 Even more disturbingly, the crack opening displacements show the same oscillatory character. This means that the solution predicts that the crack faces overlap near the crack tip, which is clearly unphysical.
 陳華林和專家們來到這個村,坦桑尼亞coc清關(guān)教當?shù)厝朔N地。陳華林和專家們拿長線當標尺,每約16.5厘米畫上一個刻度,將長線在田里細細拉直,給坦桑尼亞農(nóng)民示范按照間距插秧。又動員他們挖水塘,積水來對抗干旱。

* * *

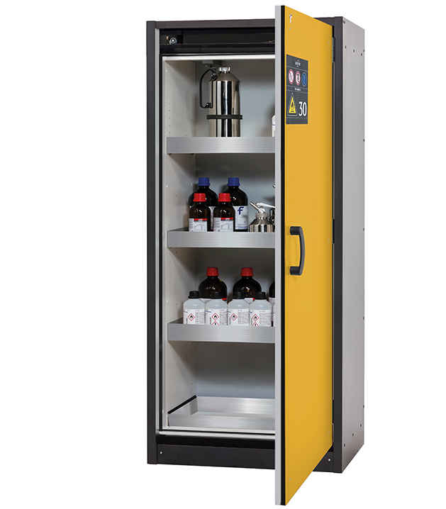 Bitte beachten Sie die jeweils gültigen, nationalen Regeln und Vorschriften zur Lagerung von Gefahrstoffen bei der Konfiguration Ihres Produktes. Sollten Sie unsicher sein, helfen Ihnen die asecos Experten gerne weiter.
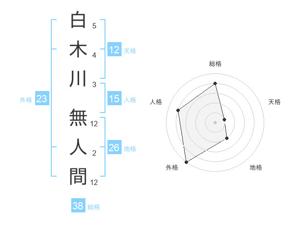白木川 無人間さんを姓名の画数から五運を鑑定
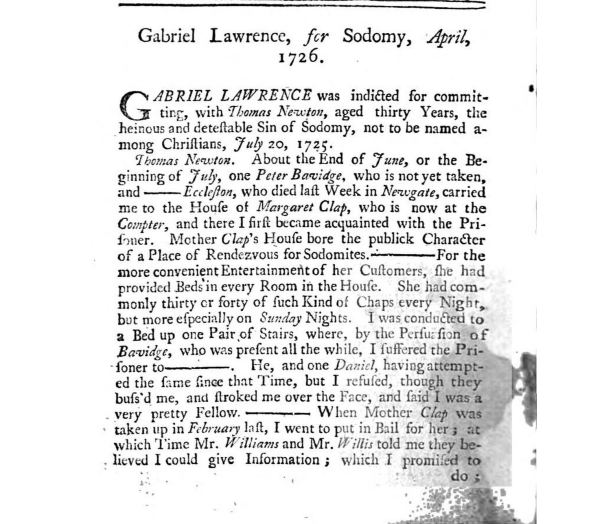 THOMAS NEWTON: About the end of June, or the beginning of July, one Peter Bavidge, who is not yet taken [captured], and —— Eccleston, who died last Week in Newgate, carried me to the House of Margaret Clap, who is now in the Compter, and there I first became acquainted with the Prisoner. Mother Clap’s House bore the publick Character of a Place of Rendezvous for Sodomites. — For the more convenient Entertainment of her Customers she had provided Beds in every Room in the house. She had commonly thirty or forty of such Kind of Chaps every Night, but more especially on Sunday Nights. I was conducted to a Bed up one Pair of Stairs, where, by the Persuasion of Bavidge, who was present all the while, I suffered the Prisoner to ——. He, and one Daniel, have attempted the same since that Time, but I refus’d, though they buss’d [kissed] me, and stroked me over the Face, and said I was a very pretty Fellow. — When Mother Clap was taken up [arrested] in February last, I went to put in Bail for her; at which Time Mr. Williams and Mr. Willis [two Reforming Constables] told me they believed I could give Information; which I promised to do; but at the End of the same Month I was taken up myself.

_Task objective:_ Retype the portion of the data above that starts on the line with "Even more disturbingly, the" and finishes on the line with "陳華林和專家們來到這個村,坦", including both of those lines.

_Written solution:_
 Even more disturbingly, the crack opening displacements show the same oscillatory character. This means that the solution predicts that the crack faces overlap near the crack tip, which is clearly unphysical.
 陳華林和專家們來到這個村,坦桑尼亞coc清關(guān)教當?shù)厝朔N地。陳華林和專家們拿長線當標尺,每約16.5厘米畫上一個刻度,將長線在田里細細拉直,給坦桑尼亞農(nóng)民示范按照間距插秧。又動員他們挖水塘,積水來對抗干旱。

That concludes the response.